I read here that galaxies become disks if there is a lot of gas in them, since their angular momentum is conserved while their energy decreases due to collisions of the gas particle. I have two questions about this:

1. Why is the disk the configuration that has low energy and high momentum? Can't there be a spherical shape that meets the same conditions?

2. If stars are formed when gas collapses under by gravity, why doesn't the gas create a disk shape, but instead creates a spherical shape?

• Apr 26, 2017 at 11:30

Disk galaxies form as a consequence of the existence of a non-vanishing tidal field at the time the gravitational collapse of the galaxy decouples it from expansion. This is a good reference if you want to read the details at early epochs of this process. But, as you mention, it boils down to conservation of angular momentum. These galaxies are said to be supported by rotation, in the sense that the rotation velocity dominates the random motion, in other words the number $V_{\rm circ}/\sigma$ is large.

The problem is that kinematic cold disks are in general very unstable, and even small perturbation over time can destroy them, ending up in galaxies with more spherical shapes. Evolution in a hierarchical universe, such as ours, will naturally lead to young disk galaxies and old elliptical galaxies. Although this is still a matter of debate.

This argument should also give you an idea as to why there are no disk stars: at the time of formation, material indeed can be accreated in the shape of a disk, but over time, all the instabilities generated by the formation of the star would relax the system to a spherical shape

Why are stars round whereas galaxies are disks?

Nice question which is a approximation only of what happens in reality. Our earth is not a sphere but a sphere with flattens poles. I suppose that one can find stars for which this holds too. On the other side galaxies could be beside others lenticular galaxies or eliptical galaxies.

For me it looks like there is a coincidence between the mass density and the angular velocity of the observed object. Earth and stars are more solid while lenticular galaxies are at the other end of the classification. Knowing the radial velocity of a galaxy the flatness of the galaxy seems to be a good criterion for finding out the contained masses of this galaxy.
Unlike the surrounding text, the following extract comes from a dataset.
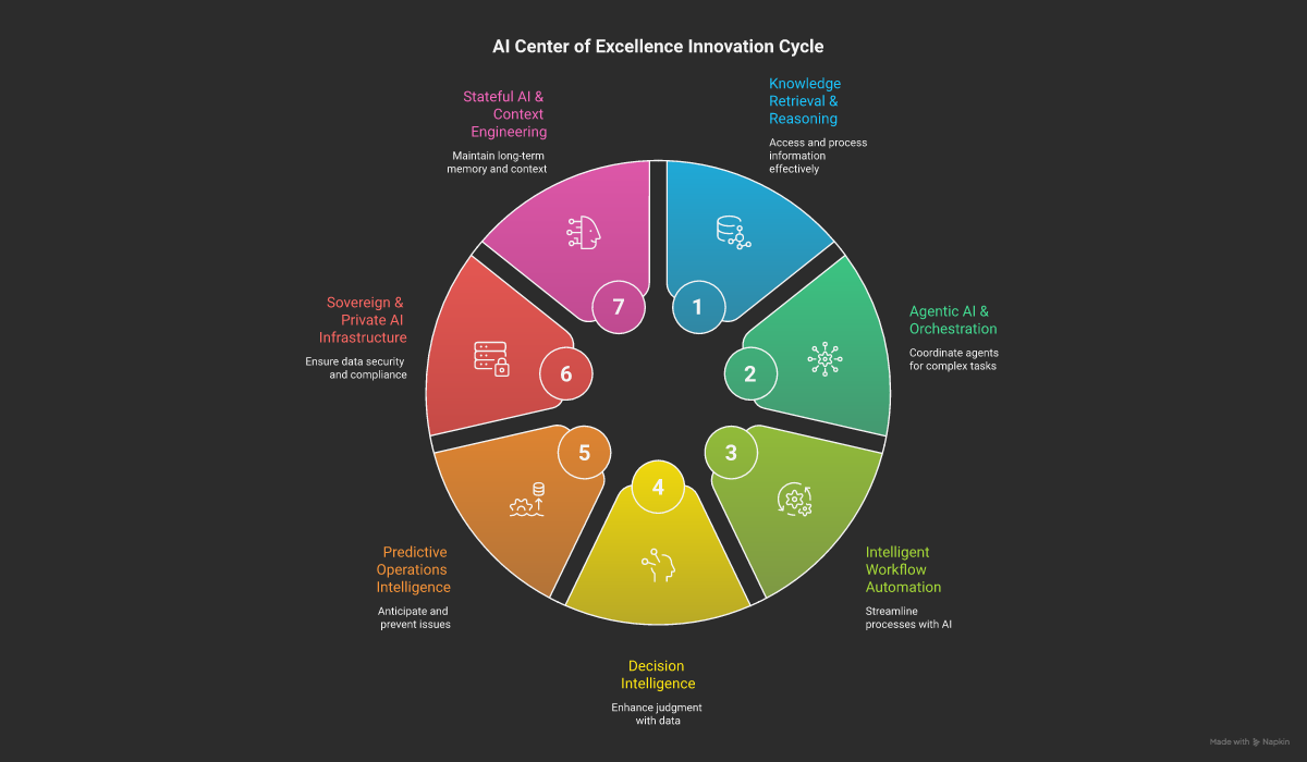 Those three get most of my attention right now. The remaining four are decision intelligence, predictive operations, sovereign and private AI infrastructure (big for clients with data sovereignty requirements), and stateful AI / context engineering, which is the problem of giving agents memory and continuity instead of starting from zero every conversation.
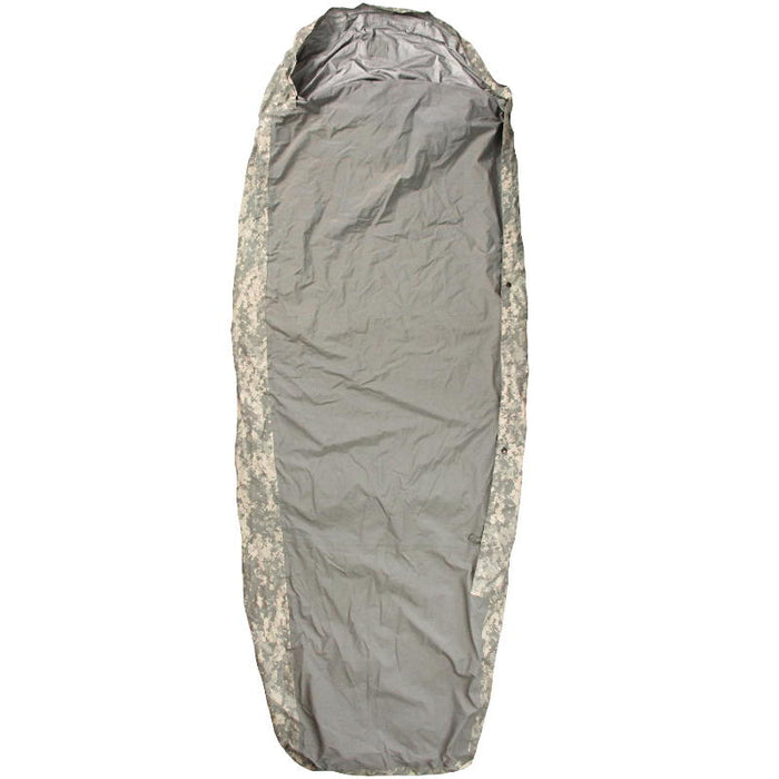 This ACU bivy cover is part of the U.S. Army's modular sleeping bag system. Designed as the outer layer of the ECWS (Extreme Cold Weather System), enclosing the patrol and intermediate sleeping bags for extreme weather conditions. This iteration of the U.S. bivy comes in the UCP (Universal Camouflage Pattern).

Perhaps in detail it would be possible to refine the process by taking the thickness in several radial distances of the galaxy and get a good idea about the massiveness of galaxies.

To make my thoughts clearer

• as well as we could conclude from the shape of the rotational paraboloid of a liquid in a rotating buckets (with a - for all observed liquids - constant angular velocity) about the viscosity OR for the same liquid on different planets about the different gravitational potentials

• as well we can use the model of a liquid and instead of intermolecular forces calculate the gravitational forces between the stars in a galaxy.

Hope someone will show that this is what astronomers are doing.

The post you're referred to explains reasonably well why spiral galaxies are discs. So why are stars not disc like. The simple answer is: a disc-like object cannot be a star.

But what is a star? A star is an object that at its core has the right conditions for thermo-nuclear reactions, in particular temperatures $T\sim10^8K$. There are gaseous disc that reach extreme temperatures, but these are accretion discs around supermassive black holes, i.e. they are not gravitationally self-supported.

The temperature in a self-gravitating gaseous disc of comparable mass and size as a star is necessarily much lower. Moreover, any viscosity (which may be due to magneto-hydrodynamical or gravitational processes within the disc) inevitably promotes angular-momentum transport outwards and mass transport inwards, resulting in the formation of a star at the centre.

The stars were roughly disk shaped as the nebula that formed them was collapsing. The matter in galaxies is much more sparse. The thing that keeps them disk shaped is the centrifugal force as the stars and other bits orbit around each other and around the galaxy, and continually miss each other, otherwise, the galaxy would collapse into a big black hole. There is a black hole in the middle made up of stars that didn't miss each other.😕